I broke the mailto processing in the last patch, so here's a working version,
along with the requested apidoc update. Is this starting to look committable?
It has been committable for some time. The problem is, it's never got applied. I just want someone with better knowledge of KURL than me to verify because it's a pretty intrusive patch (unlike anything I had done in KURL before). So far no one has stepped up to do that.
Will have a look at it later this week.
We have a slight problem with the current code. I've just fixed it halfway but the patch is not correct, so I'm not attaching anything.
You may have noticed that Konqueror stopped caching correctly the webpages. I've spent a couple of hours tracing down the bug and I got it narrowed to KURL::url.
The reason for that is that the caching is handled in kio_http, but the URL is read from a data stream, which doesn't and cannot carry the d->uriMode variable (the wire format is crystallised and cannot change before KDE4, no room for updates).
That means that when HTTPProtocol::checkCacheEntry calls KURL::url to determine the cache, the value of d->uriMode can be undetermined and, therefore, the path name and query can be mishandled.

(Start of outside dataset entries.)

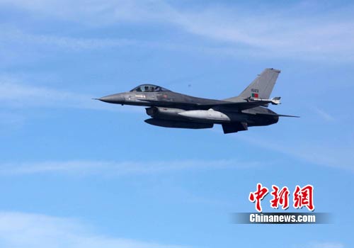 中國(guó)國(guó)家主席胡錦濤11月6日乘專機(jī)抵達(dá)里斯本。這是胡錦濤就任國(guó)家主席以來(lái)首次對(duì)葡萄牙進(jìn)行國(guó)事訪問,也是中國(guó)國(guó)家元首時(shí)隔11年再次對(duì)葡萄牙進(jìn)行國(guó)事訪問。專機(jī)駛?cè)肫咸蜒李I(lǐng)空后,葡方派兩架戰(zhàn)斗機(jī)護(hù)航。圖為在胡錦濤所乘專機(jī)右翼護(hù)航的葡萄牙戰(zhàn)機(jī)。
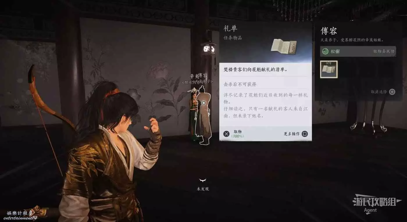 到醉花陰,從九流門弟子口中得知,他們要奪回寒姨的無面人名單,薛醜已經讓你去契丹人那偷來了機關匣,現在需要從南唐使者那奪回翻譯名單的陰文冊。(我們之前在清河活人醫館地下見過那些沒有換臉成功的無面人,換臉成功的已經派去契丹當間諜了,看來南唐派人血洗新手村時搶走了名單)
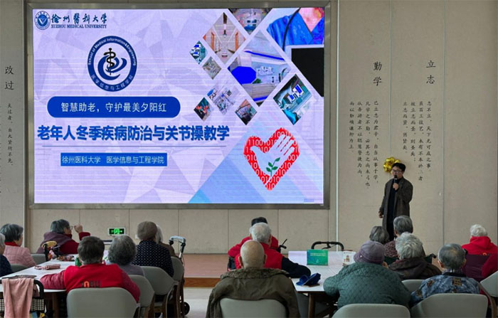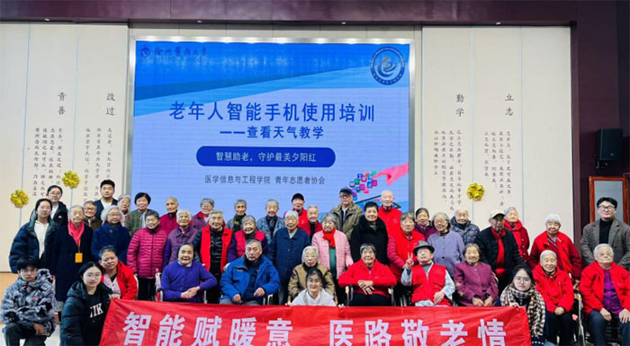 医学信息与工程学院青年志愿者协会在国家政策的引领与鼓舞下,积极响应国家关爱老年人战略部署,满怀热忱地走进康养中心。医信学子期望以所学专业知识为基石,运用医学信息学知识便利老人的生活,用关节操的律动唤醒老人身体活力,为老人们送去贴心关怀与实际帮助,让智能与温情在这个冬日相融,书写专属“医信”守护的敬老故事。
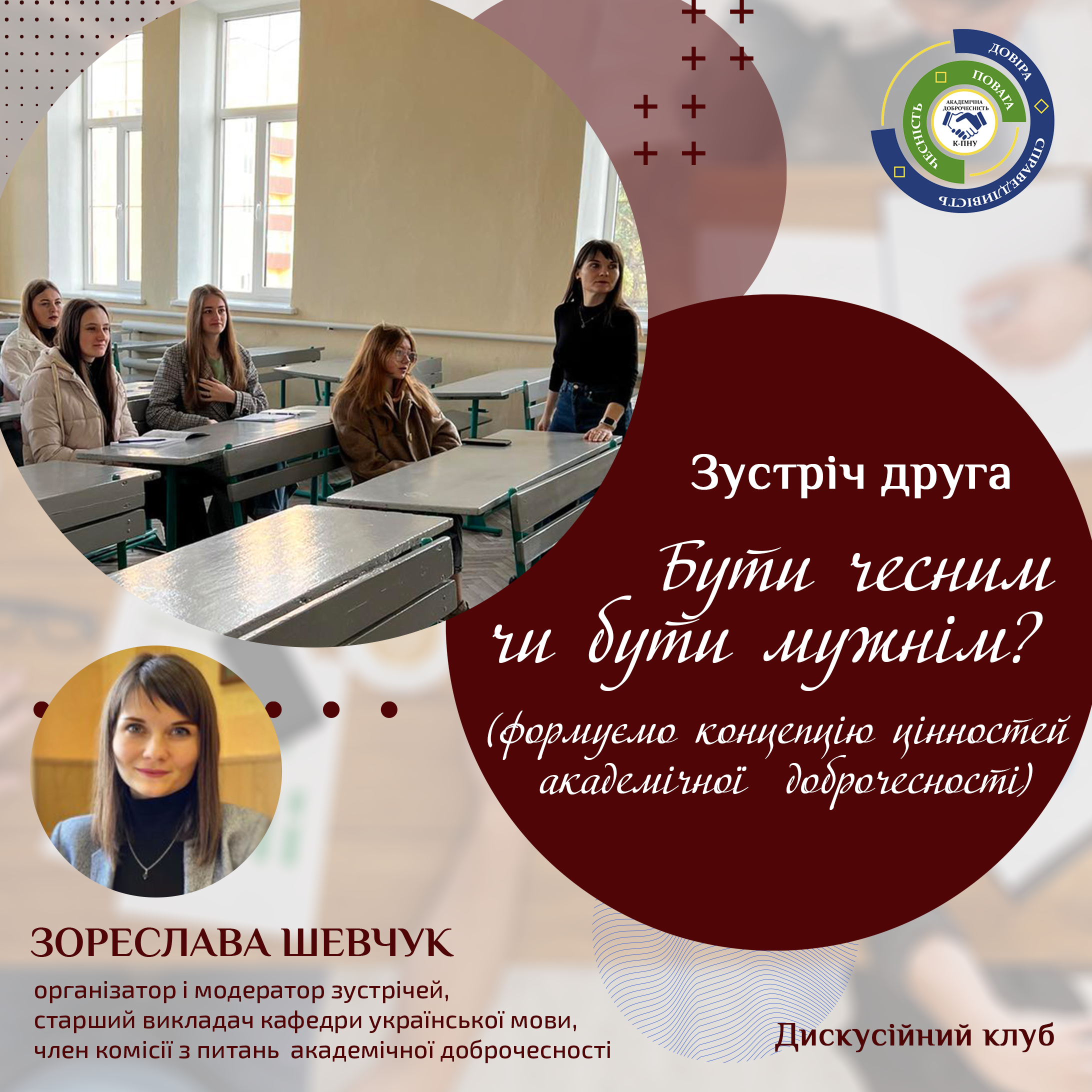 Спікер заходу – професор кафедри педагогіки та менеджменту освіти, доктор педагогічних наук, професор Ірина Кучинська. До роботи клубу залучили експертів: проректора з науково-педагогічної роботи та міжнародних зв’язків, доцента кафедри педагогіки та менеджменту освіти, кандидата педагогічних наук Геннадія Бесарабчука; професора кафедри політології та філософії, доктора політичних наук, професора Сергія Вонсовича; професора кафедри психології освіти, кандидата психологічних наук, професора Тетяну Дуткевич; завідувача доцента кафедри педагогіки та менеджменту освіти, кандидата педагогічних наук, доцента Світлану Поліщук. Читати далі

The same could also be true for other cases.
My recommendation is that operator>>(QDataStream&, KURL&) make sure that d->uriMode is properly set.
I am currently testing a patch, will commit after Beta2
CVS commit by waba:
Make parsing of URLs protocol-dependant (BR62425)

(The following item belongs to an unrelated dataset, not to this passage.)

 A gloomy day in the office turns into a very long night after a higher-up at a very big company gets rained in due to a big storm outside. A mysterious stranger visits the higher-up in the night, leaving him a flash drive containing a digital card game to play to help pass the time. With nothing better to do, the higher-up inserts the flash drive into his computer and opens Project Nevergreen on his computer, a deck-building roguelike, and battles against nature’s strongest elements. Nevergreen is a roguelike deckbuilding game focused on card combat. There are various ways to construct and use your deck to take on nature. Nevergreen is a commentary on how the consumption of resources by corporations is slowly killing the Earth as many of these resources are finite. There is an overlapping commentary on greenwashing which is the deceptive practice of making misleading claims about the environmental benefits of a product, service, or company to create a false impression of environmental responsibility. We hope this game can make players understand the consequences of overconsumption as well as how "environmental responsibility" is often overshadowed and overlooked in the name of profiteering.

Based on a patch by Petter E. Stokke
M +26 -4 kdecore/kprotocolinfo_kdecore.cpp 1.8
M +4 -3 kdecore/kprotocolinfofactory.cpp 1.2
M +2 -2 kdecore/kprotocolinfofactory.h 1.4
M +169 -9 kdecore/kurl.cpp 1.261
M +54 -3 kdecore/kurl.h 1.130
M +11 -0 kdecore/tests/kurltest.cpp 1.82
M +1 -0 kio/data.protocol 1.6
M +17 -0 kio/kio/kprotocolinfo.h 1.28
Please test if the query part isn't lost in KURL::url().
I.e., go to Google, get a search. Then hit Next. If it shows the same page again instead of the next results, it's this bug.

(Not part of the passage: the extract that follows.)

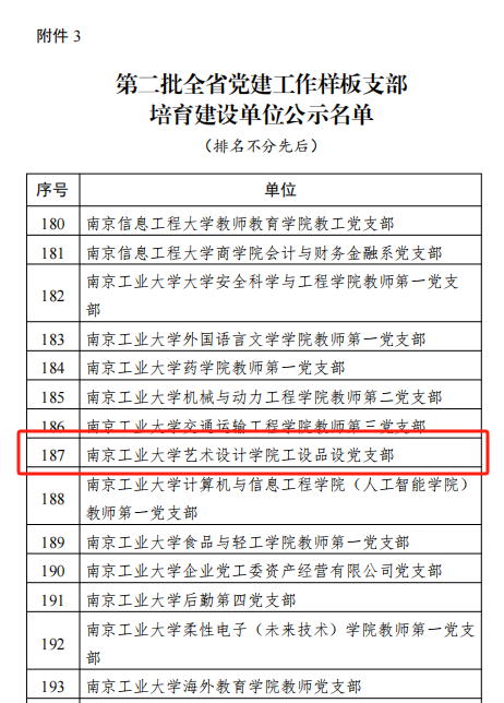 近日,省委教育工委公布了新时代江苏高校三级党组织“强基创优”建设计划第二批遴选结果的公示名单,太阳集团tcy8722工设品设党支部成功入选全省党建工作样板支部培育建设单位。

Created attachment 3664 [details]
KProtocolInfo::uriParseMode default value fix
KProtocolInfo::uriParseMode needs to return Auto if the URI mode is missing,
otherwise the fallback list is never used, causing mailto URLs to be parsed as
regular URLs in the absence of a mailto.protocol file (there isn't one in KDE).
should we reopen this report cause QUrl and with it KDE4's KUrl are not any longer able to deal with RAW-mode url's/uri's?
probably somewhat related report is bug #159017
Hmm... looks like we lost the KURL fixes when we moved to QUrl.
QUrl is to-the-letter strict. If your URI is not a URL, placing it in a QUrl will lose some of the data.